Pour cela — et on n'a pas manqué de l'en mettre en garde — il risque de ne laisser à l'histoire que le triste
surnom de Rached le menteur, rappelant celui — la pire des hontes — du célèbre faux prophète en islam,
Moussaylima(3).
Faut-il noter ici que la vente d'alcool est déjà le fait de très peu de magasins en Tunisie, ne se faisant que dans
des conditions trop contraignantes, comme la fermeture du rayon la veille du vendredi et le lendemain toute la
journée, outre la réservation d'un endroit discret ou séparé du magasin(4).
Faut-il rappeler aussi que ce déplorable état de choses alimente un commerce clandestin d'alcool, une
contrebande qui occupe inutilement les forces de l'ordre devant avoir d'autres priorités que de brimer les
libertés strictement privées comme de vendre ou boire de l'alcool.
La falsification de l'islam
Si M. Ghannouchi n'était pas un intégriste caché, il aurait admis que l'islam correctement interprété n'interdit ni
l'alcool ni son commerce ni sa consommation, mais juste l'ivresse(5) qu'il est censé provoquer et qui risque de
détourner le croyant de la voie de Dieu. Aussi, un musulman responsable et qui se respecte ne doit pas interdire
l'alcool, mais se l'interdire par un effort personnel de résistance à la tentation. Ce qui suppose qu'une telle
tentation existe et que l'alcool soit vendu en toute liberté.
S'il ne faisait pas une lecture fausse de l'islam, M. Ghannouchi aurait su que sa religion protège le commerce,
tout commerce, y compris celui de l'alcool, dont l'ange Gabriel lui-même n'a pas hésité à proposer au prophète
un verre lors de son «voyage nocturne». Comment donc le Saint-Esprit l'aurait-il fait si le simple toucher du
vin — comme on le colporte bien à tort — était interdit ? D'ailleurs, le vin existe bien au paradis et le Coran le
loue parmi les bienfaits que Dieu a créés. Serions-nous supérieurs à l'ange Gabriel ?

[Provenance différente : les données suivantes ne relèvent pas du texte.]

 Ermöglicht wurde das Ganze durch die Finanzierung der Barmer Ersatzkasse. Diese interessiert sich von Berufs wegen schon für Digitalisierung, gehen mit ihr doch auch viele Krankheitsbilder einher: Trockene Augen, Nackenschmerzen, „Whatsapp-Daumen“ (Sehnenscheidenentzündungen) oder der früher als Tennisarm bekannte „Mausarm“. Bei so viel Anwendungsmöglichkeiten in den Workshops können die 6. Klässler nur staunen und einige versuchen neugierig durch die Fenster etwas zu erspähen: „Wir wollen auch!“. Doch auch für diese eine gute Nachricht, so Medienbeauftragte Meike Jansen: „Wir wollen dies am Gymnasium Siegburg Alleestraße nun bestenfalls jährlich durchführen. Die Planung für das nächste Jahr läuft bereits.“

M. Ghannouchi devrait savoir, lui qui a vécu dans des pays où coule à flots l'alcool, que c'est la liberté du
commerce de ce breuvage qui doit être la règle pour que soit faite la preuve par le croyant qu'il respecte bien sa
religion en s'abstenant de le boire ou, s'il le boit — ce que sa religion n'interdit qu'en excès —, de veiller à ne
pas aller jusqu'à l'ivresse.
Bien mieux, en tant qu'homme politique, M. Ghannouchi devrait connaître les retombées éthiques de
l'abrogation des textes illégitimes régissant le commerce d'alcool, car devant être bénéfique, mettant fin aux
drames de la contrebande, l'incitation à l'ivresse, fruit de l'interdit frappant à tort l'alcool et la lecture intégriste
faite de la religion au point de verser dans l'horreur terroriste que nourrit le manque de droits et de libertés en
islam.
Ghannouchi encourage la contrebande d'alcool
Que M. Ghannouchi, qui soigne ses rapports avec les États-Unis et veille à leur plaire, médite donc la noire
période de l'histoire américaine que fut la Prohibition, drame absolu n'ayant eu pour conséquence que
d'encourager la prospérité des groupes mafieux. Serait-ce ce qu'il veut pour la Tunisie où la contrebande
d'alcool est bien répandue ?
On serait forcément amené à le penser s'il ne change pas au plus vite de position sur cette question, appelant
clairement et sans détour à abolir les textes restreignant la consommation et la vente d'alcool, y compris le
vendredi et durant ramadan, car le sacré en islam ne se situe nullement dans l'ostentation, mais dans l'intention.
Qu'il le fasse en rappelant ou en se rappelant que le vrai fidèle en islam est celui qui se retient de céder à la
tentation et qu'on ne prive pas du moindre appât afin d'avoir la possibilité — absolument nécessaire en islam
— de faire la preuve qu'il ne fait pas acte d'hypocrisie.